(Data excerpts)
::::::::
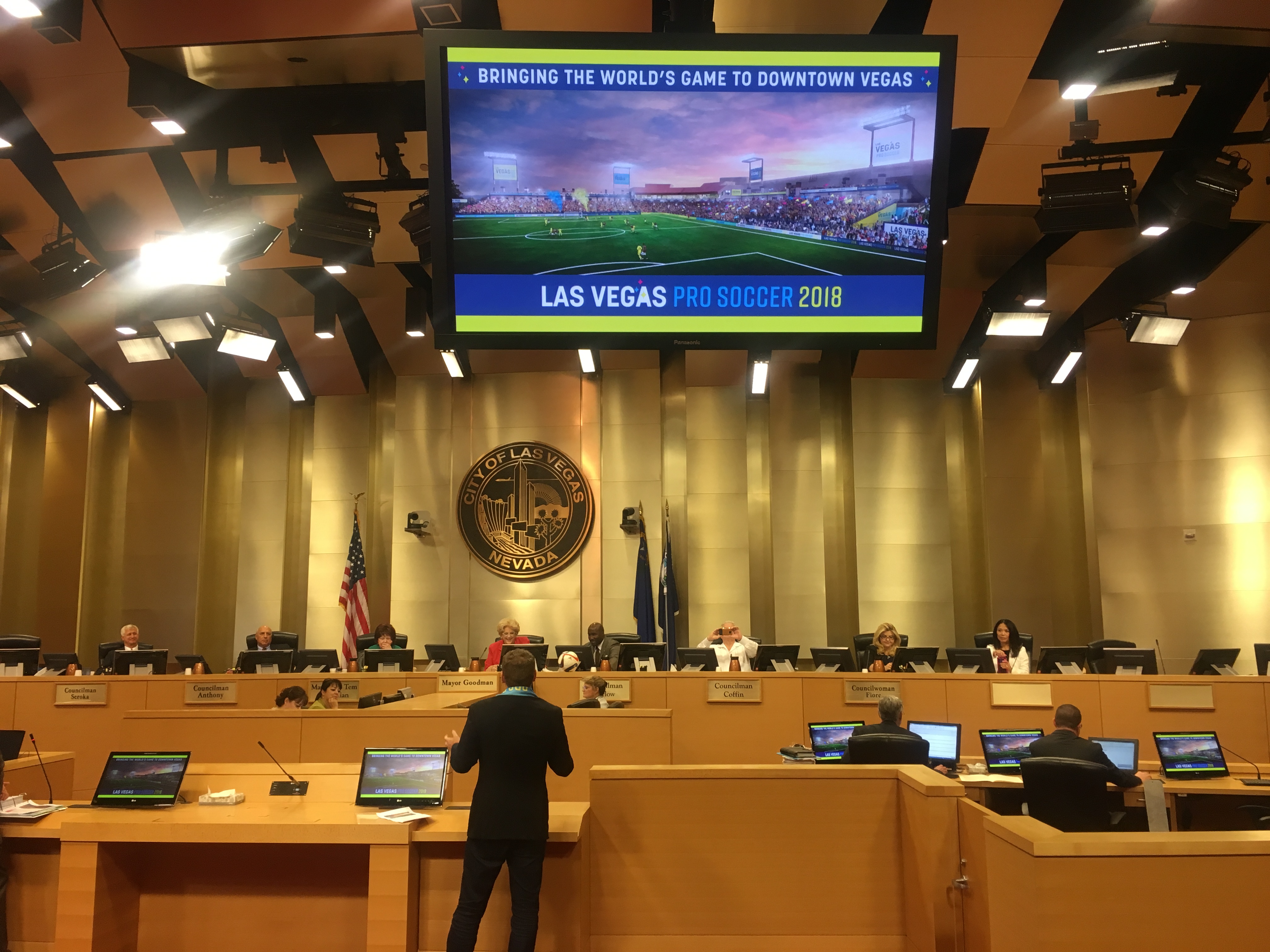 “This town will embrace professional soccer,” USL team owner Brett Lashbrook told the Las Vegas City Council. Technically, Lashbrook is owner of Las Vegas Pro Soccer, LLC.
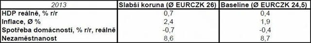Pokud ale ČNB bude chtít zdůvodnit potřebu oslabit korunu, může poukázat na zápornou poptávkovou inflaci jako na trvající deflační hrozbu. Zde je ovšem problém – oslabení koruny zvýší dovozní ceny, což se negativně dotkne spotřeby domácností. Slabší koruna (na úrovni EURCZK 26 celý příští rok) by průměrnou inflaci zvýšila odhadem o zhruba 0,5 procentního bodu na 2,4 %, což by se negativně projevilo na spotřebě domácností. Celkový agregátní efekt je však mírně pozitivní – lepší průmysl a nižší dovoz by zvedly HDP zhruba na 0,7 až 0,8 % meziročně. Dopad na trh práce je však malý (nezaměstnanost proti základnímu scénáři klesne o necelou desetinu procentního bodu). Otázkou je rovněž míra zajištění firem, která může efekt slabší koruny dále snížit.
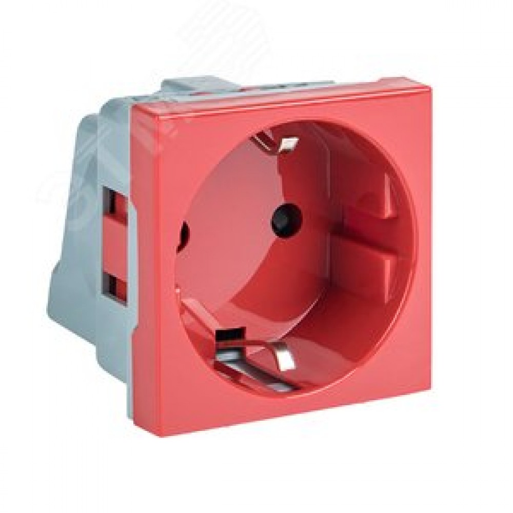 • Розетка 45х45 (2 модуля), с заземлением, красная, прямая
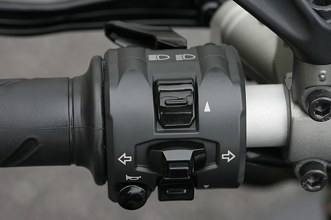 左側ハンドルスイッチにはパッシング&ハイビーム、ウィンカー、ホーン、ふたつのメーター操作スイッチが配される。各スイッチの配置はバランスがよく、またクリック感も確かなもので操作性は良好。
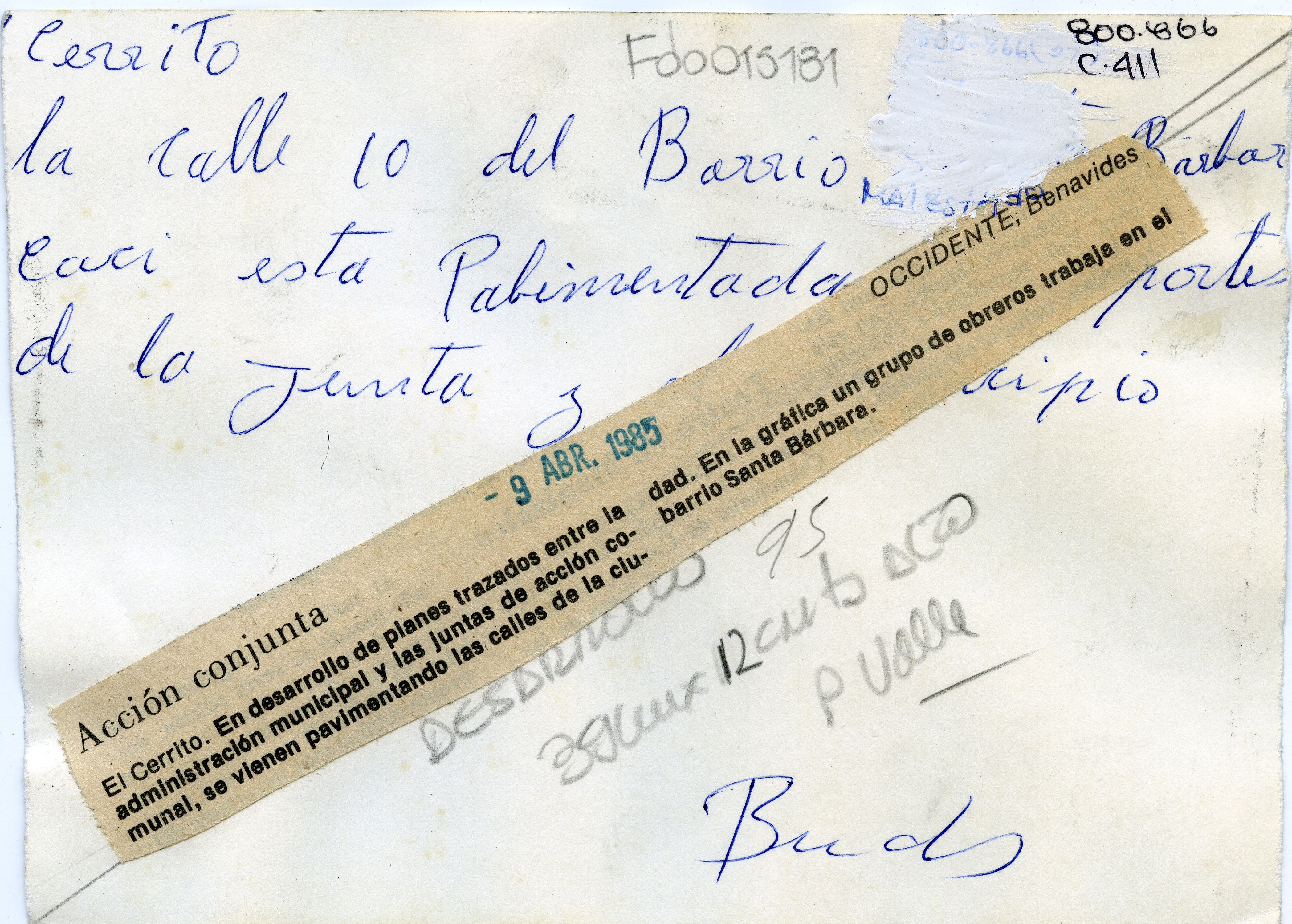Trabajos de pavimentación en el barrio Santa Barbara. Apreciamos trabajadores en sus labores. Al reverso de la fotografía se anexa el pie de foto del periódico: "Acción conjunta. El Cerrito. En desarrollo de planes atrasados entre la administración municipal y las juntas de acción comunal, se vienen pavimentando las calles de la ciudad. En la gráfica un grupo de obreros trabaja en el barrio Santa Barbara".
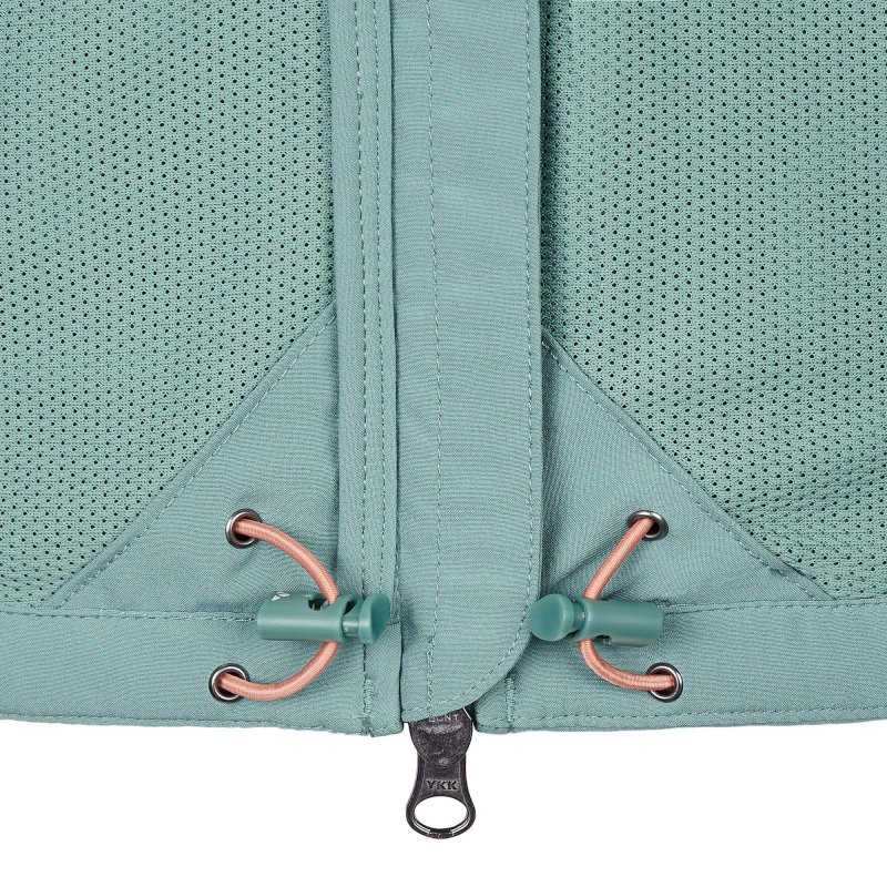 Äußerst nützlich bei anstrengenden Passagen ist die Unterarmbelüftung, die mit einem 2-Wege-RV ausgestattet ist und für Durchzug sorgt. Die RV-Taschen sind mit einem Mesh-Futter versehen und tragen somit auch zu einem guten Trageklima bei. Der 2-Wege-Front-RV sorgt für Komfort und der regulierbare Saum und die Ärmelabschlüsse verleihen der Softshell einen sicheren Sitz.
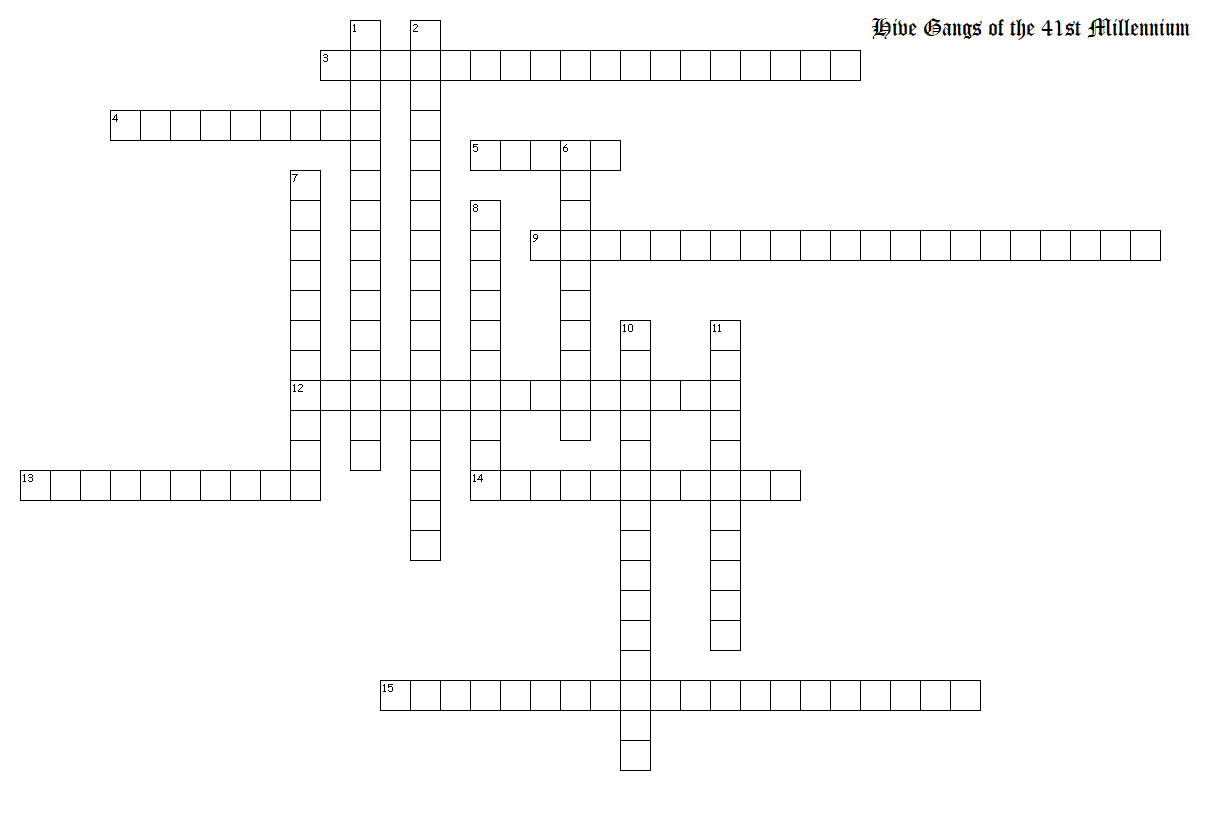 Across 3. Order must be upheld in the imperium, even in the underhive. These local law enforcers uphold that order. (2 words) 4. These members are often easily recognized due to their punitive stature compared to the other members of the gang (2 words) 5. Originally designed for excavation, these heavy constructs are often retooled as weapons by gangs (1 word) 9. This cult feasts on the flesh of the fallen and worship the Lord of Skin and Sinew (4 words) 12. Though short in stature he may be, this hired gun has no problem utilizing his hammer to solve problems (2 words) 13. Scraping an existence from the scraps of others, this fanatical gang also has an obsession with fire (2 words) 14. Muscular brutes that love to flaunt their immense strength whenever they can (2 words) 15. When things get too rowdy for regular officers, these heavily armored units are sent in to assist (2 words) Down 1. This hired gun is best used to supply ammo to your forces (2 words) 2. Bounty hunting duo that are famous for swashbuckling adventures (4 words) 6. Gang based out of ferrous slag pits (2 words) 7. 8. This gang utilizes expertise in pharmaceuticals and chemicals. Also have a ton of flair. (2 words) 10. These established members utilize enhancement drugs to reach peak muscularity, often becoming addicted to them (2 words) 11. The most technologically advanced and wealthy of the gangs (3 words)
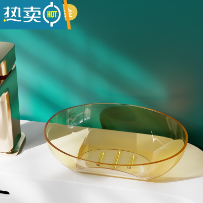 敬平肥皂盒香皂盒家用沥水轻奢卫生间浴室创意皂碟免打孔加大号皂架子 [香槟金]波点凹槽沥水/加大盒身
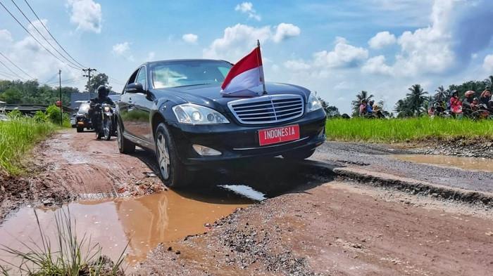 Bahkan, mobil itu harus berbelok ke kiri dan kanan demi menghindari lubang-lubang yang 'tersebar' di permukaan jalan.
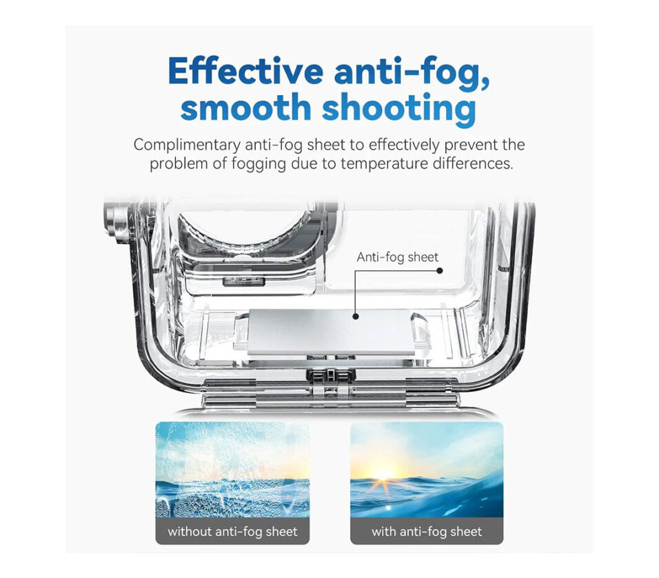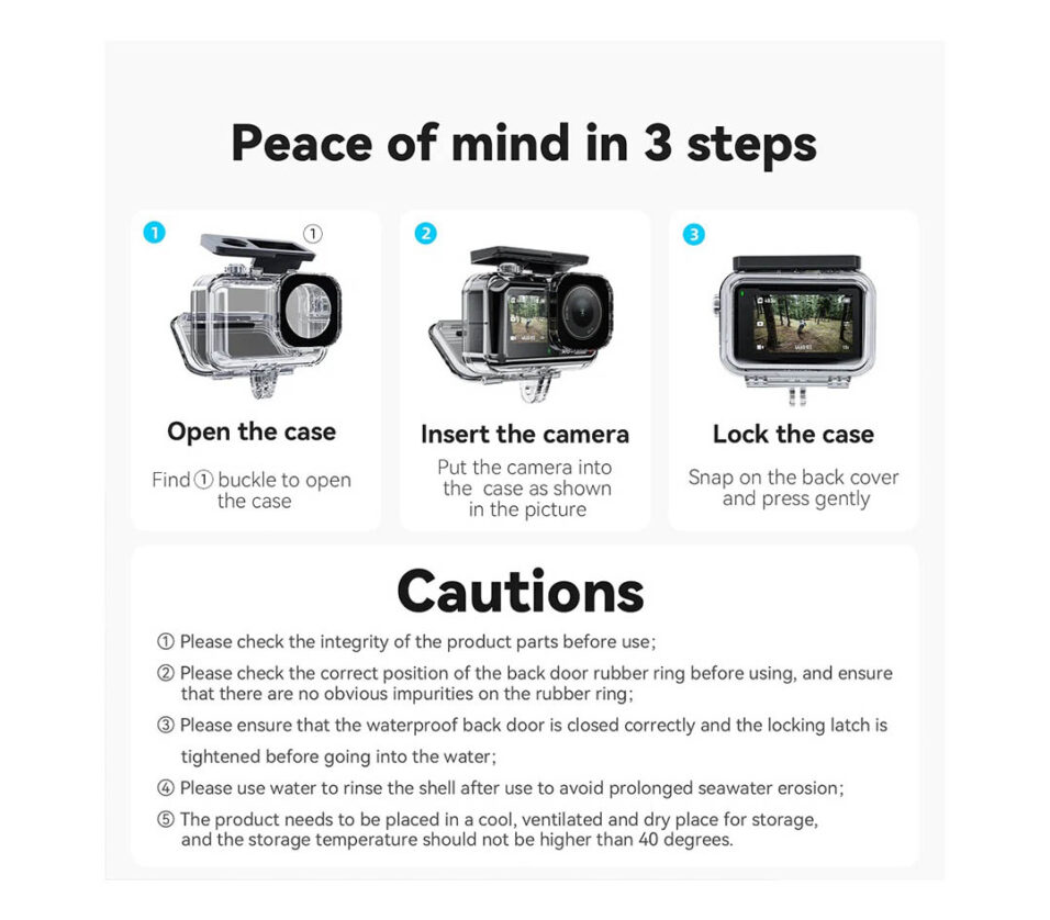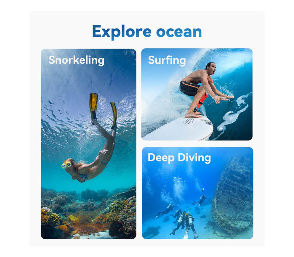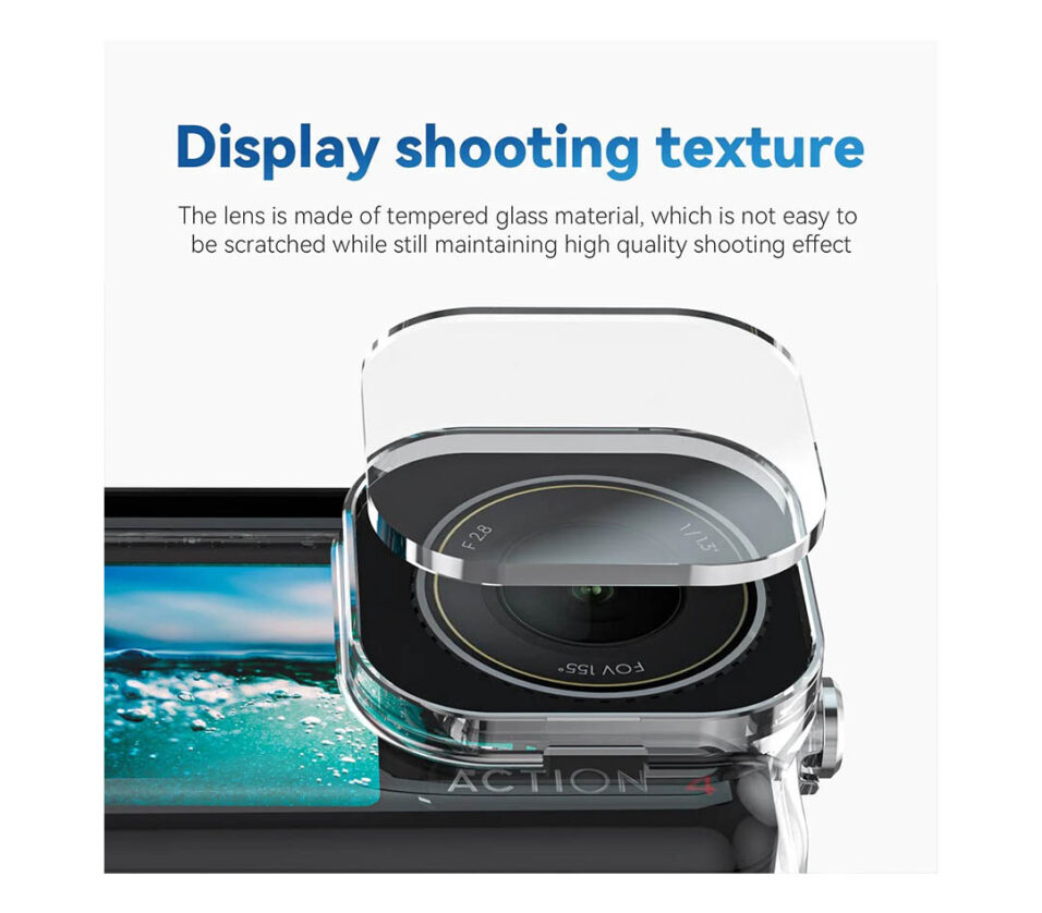 This casing is compatible for the DJI Action 3 4 5 camera. Waterproof, shockproof, and anti-fog are all fully owned by this casing. You can use it when doing water activities such as snorkeling, surfing, and diving. The recording results will look clear using the casing from Telesin.
::::::::
## Exercise goal:
Could you return each entry word for word, with the images omitted?

## Task result:
 “This town will embrace professional soccer,” USL team owner Brett Lashbrook told the Las Vegas City Council. Technically, Lashbrook is owner of Las Vegas Pro Soccer, LLC.
Pokud ale ČNB bude chtít zdůvodnit potřebu oslabit korunu, může poukázat na zápornou poptávkovou inflaci jako na trvající deflační hrozbu. Zde je ovšem problém – oslabení koruny zvýší dovozní ceny, což se negativně dotkne spotřeby domácností. Slabší koruna (na úrovni EURCZK 26 celý příští rok) by průměrnou inflaci zvýšila odhadem o zhruba 0,5 procentního bodu na 2,4 %, což by se negativně projevilo na spotřebě domácností. Celkový agregátní efekt je však mírně pozitivní – lepší průmysl a nižší dovoz by zvedly HDP zhruba na 0,7 až 0,8 % meziročně. Dopad na trh práce je však malý (nezaměstnanost proti základnímu scénáři klesne o necelou desetinu procentního bodu). Otázkou je rovněž míra zajištění firem, která může efekt slabší koruny dále snížit.
 • Розетка 45х45 (2 модуля), с заземлением, красная, прямая
 左側ハンドルスイッチにはパッシング&ハイビーム、ウィンカー、ホーン、ふたつのメーター操作スイッチが配される。各スイッチの配置はバランスがよく、またクリック感も確かなもので操作性は良好。
Trabajos de pavimentación en el barrio Santa Barbara. Apreciamos trabajadores en sus labores. Al reverso de la fotografía se anexa el pie de foto del periódico: "Acción conjunta. El Cerrito. En desarrollo de planes atrasados entre la administración municipal y las juntas de acción comunal, se vienen pavimentando las calles de la ciudad. En la gráfica un grupo de obreros trabaja en el barrio Santa Barbara".
 Äußerst nützlich bei anstrengenden Passagen ist die Unterarmbelüftung, die mit einem 2-Wege-RV ausgestattet ist und für Durchzug sorgt. Die RV-Taschen sind mit einem Mesh-Futter versehen und tragen somit auch zu einem guten Trageklima bei. Der 2-Wege-Front-RV sorgt für Komfort und der regulierbare Saum und die Ärmelabschlüsse verleihen der Softshell einen sicheren Sitz.
 Across 3. Order must be upheld in the imperium, even in the underhive. These local law enforcers uphold that order. (2 words) 4. These members are often easily recognized due to their punitive stature compared to the other members of the gang (2 words) 5. Originally designed for excavation, these heavy constructs are often retooled as weapons by gangs (1 word) 9. This cult feasts on the flesh of the fallen and worship the Lord of Skin and Sinew (4 words) 12. Though short in stature he may be, this hired gun has no problem utilizing his hammer to solve problems (2 words) 13. Scraping an existence from the scraps of others, this fanatical gang also has an obsession with fire (2 words) 14. Muscular brutes that love to flaunt their immense strength whenever they can (2 words) 15. When things get too rowdy for regular officers, these heavily armored units are sent in to assist (2 words) Down 1. This hired gun is best used to supply ammo to your forces (2 words) 2. Bounty hunting duo that are famous for swashbuckling adventures (4 words) 6. Gang based out of ferrous slag pits (2 words) 7. 8. This gang utilizes expertise in pharmaceuticals and chemicals. Also have a ton of flair. (2 words) 10. These established members utilize enhancement drugs to reach peak muscularity, often becoming addicted to them (2 words) 11. The most technologically advanced and wealthy of the gangs (3 words)
 敬平肥皂盒香皂盒家用沥水轻奢卫生间浴室创意皂碟免打孔加大号皂架子 [香槟金]波点凹槽沥水/加大盒身
 Bahkan, mobil itu harus berbelok ke kiri dan kanan demi menghindari lubang-lubang yang 'tersebar' di permukaan jalan.
 This casing is compatible for the DJI Action 3 4 5 camera. Waterproof, shockproof, and anti-fog are all fully owned by this casing. You can use it when doing water activities such as snorkeling, surfing, and diving. The recording results will look clear using the casing from Telesin.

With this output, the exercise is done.